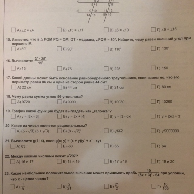 №17 Решение: P = 86, а одна сторона равна 44, следовательно она самая большая. 86 - 44 = 42 и делим на 2 = 21.
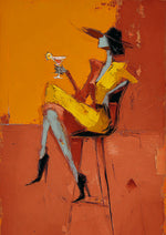 Een gestileerde vrouw leunt ontspannen met een cocktail, gevangen in warme oranje tinten en krachtige, expressieve lijnen.
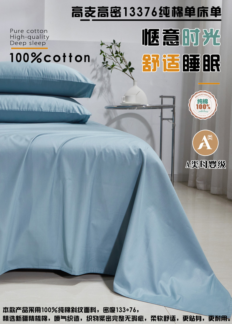 晶缦家纺 2025新款喷气全棉13376纯棉斜纹纯色床单-沐兰 沐兰-雾霾蓝
= = = = = = =
Find the line that has "Een gestileerde vrouw" in the listing, then retype it and each later line up to the last, exactly. Leave pictures out.

 Een gestileerde vrouw leunt ontspannen met een cocktail, gevangen in warme oranje tinten en krachtige, expressieve lijnen.
 晶缦家纺 2025新款喷气全棉13376纯棉斜纹纯色床单-沐兰 沐兰-雾霾蓝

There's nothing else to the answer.